第二十二章
罗章明他们在大姐面前重又提起何天强案,说上回只是听杨依依猜测,这一回便有了郭亮亲自参与的事实,起诉王伟业已有了确凿的证据。是否起诉想听听大姐的意见?
贾秀兰说:“这件事情我反复考虑过了,如果是一般的男女问题,或经济问题,也许我会不同意告发王伟业。但现在涉及到一条人命,那就不管是谁我都无权阻止。问题是,王伟业只是指使人去教训教训何天强,并未要人打死他。这是其一;其二,王伟业并不是直接凶手而只是雇凶打人;其三,何天强本身就是一个诈骗犯,重婚犯。当然,他并没犯死罪。但他给我们带来的伤害是无可估量的。吴娟生性乐观、豪爽;雨雨年轻。所以我不知道这事对她俩到底造成了怎样的影响?但就我而言,我当时确实想到了死。如果不是碰上她们两个,使我从绝望中解脱出来,我也许就不在这人世了。那么,这笔账是否应算到何天强身上呢?如果是这样,那他岂不就是杀人犯?
“同时,关键是这件事又牵涉到我们三姊妹。涉及到我们三人的名誉、自尊心与心灵创伤。对这么一件好不容易总算如噩梦般过去了的,差不多要被社会遗忘了的不光彩的事情,我们自己倒还去提起它,重又将它翻出来炒作一番,让我们的心灵重又经历一番羞辱与疼痛,究竟有何意义,有什么必要?而且,这个案子,既然我们就这么轻易地将它破了,公安局就不是破不了,而是没去破,或者懒得破,甚至或者是已经破了,而碍于某种原因没有处理,不了了之。我看,这事我们就不要管它了,我们还是集中精力寻找牛犊和雷雷吧……”
应该说,贾秀兰的话不是没有一点道理。
吴娟说:“王伟业固然卑鄙,何地强亦死有余辜。王伟业不会有好下场的,就让老天去惩罚他吧!”
罗章明与雨雨经她们这一说,也就觉得有理。于是同意了大姐二姐的意见,这件事就这样搁下来。四人商议抓紧时间找牛犊和雷雷,沙龙也趁热打铁,配合寻找工作,继续展开讨论。

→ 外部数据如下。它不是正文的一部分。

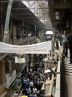 A broader, more recent definition includes traditional merchants outside of Iran, "a social class...in places where the society is in the midst of an awkward modernization; where the bazaar is in some stage of transition between the world of A Thousand and One Nights and that of the suburban shopping mall", an example being traditional merchants (also Muslim) who back the Muslim Brotherhood in Egypt.[1] However, it has also been noted that merchants in other Middle Eastern countries are predominantly minority non-Muslim populations without the political influence of bazaari in Iran.[3]

在送雨雨回家的途中,罗章明跟雨雨说:“和你们在一起,我学到了很多东西。在我的脑子里,只有理,而没有女人那种细腻的感情。刚才大姐的话,对我触动很大,虽然她有些观点不是很正确。比如,我们不能用‘要是当时我死了他就是杀人犯’这样的假设来推断犯罪分子犯有何种罪行;同时对犯罪分子的惩处也应由公安机关来进行,雇凶杀人更与对方是不是犯罪分子无关。但我还是被她说服了,我觉得她的话于法不见得全对,于情却很有道理。在法与情相悖的情况下,如何保护情不受伤害,这是目前世界范围内法学界探讨的热点问题。所谓人性化执法。
“最近我在报上就看到这么一回事,警方在受聘于澳大利亚的神奇教练图雷斯基家中发现藏有兴奋剂,但必须要她妻子出来举证,才能认定其有罪。而根据澳大利亚法律,如果证词会对婚姻关系造成损害,则不被采信。警方只好宣告图雷斯基无罪。在美国,为亲人隐瞒罪行,也不被认为有罪。这是十八世纪意大利法学家贝卡利亚的思想,反对基于出卖、背叛的证词。因为这是连犯罪分子都厌恶的品质,绝对不能以罪犯都鄙夷的行为来对付罪犯。这里有一条法律底线:对任何社会都居极少数的犯罪人群的惩治,绝对不能以大多数人的良心沦丧为代价。这是对社会更深刻、更长久的损害,只能两害相权取其轻。
“而我们的法律是举张大义灭亲的。事实证明,我们的这种举张造成的反右、文革等历届政治运动中学生告老师,妻子告丈夫,儿子告老子等等的互相倾轧、互相告密、互不信任、人人自危、虚伪自私的品性怏及几代,它对社会造成的危害比少数人的犯罪大得多……”
“的确,我觉得法律也好,做生意赚钱也好,都要讲个情。你讲的这种观点我觉得挺新鲜的……”雨雨感概道。
“可在何其强这个案子的处理上,我就全没有考虑你们三人的感觉,而只想到要惩罚凶手……对不起,雨雨。”
“这不怪你,你是在主持正义。”雨雨说,“何况,你也并没有做,只是把这个想法说出来与我们商量,有什么对不起的?并且,这事我也的确没看得大姐那么重。”
“我虽然没做,但我应该为你们着想。至于你看得重不重又是另一回事。”
“有你这份心就行了,真的,我已经十分地感激你了……”
“不要说感激,说感激我们就疏远了……”
“那说什么呢?”
“什么也不要说。”
“那就是无声胜有声了。”
罗章明将雨雨送到楼下,雨雨说:“上去坐会儿吗?”
罗章明说:“太晚了,下回吧。”他转过身来,刚打算走,突然发现黑暗中有一个人影一闪,立刻便消失得无影无踪……
罗章明并没有回去,而是将车停在暗处观望。他不放心,惟恐雨雨这边有什么不测……跑了一天,他实在是困了,不知什么时候竟伏在方向盘上睡着了。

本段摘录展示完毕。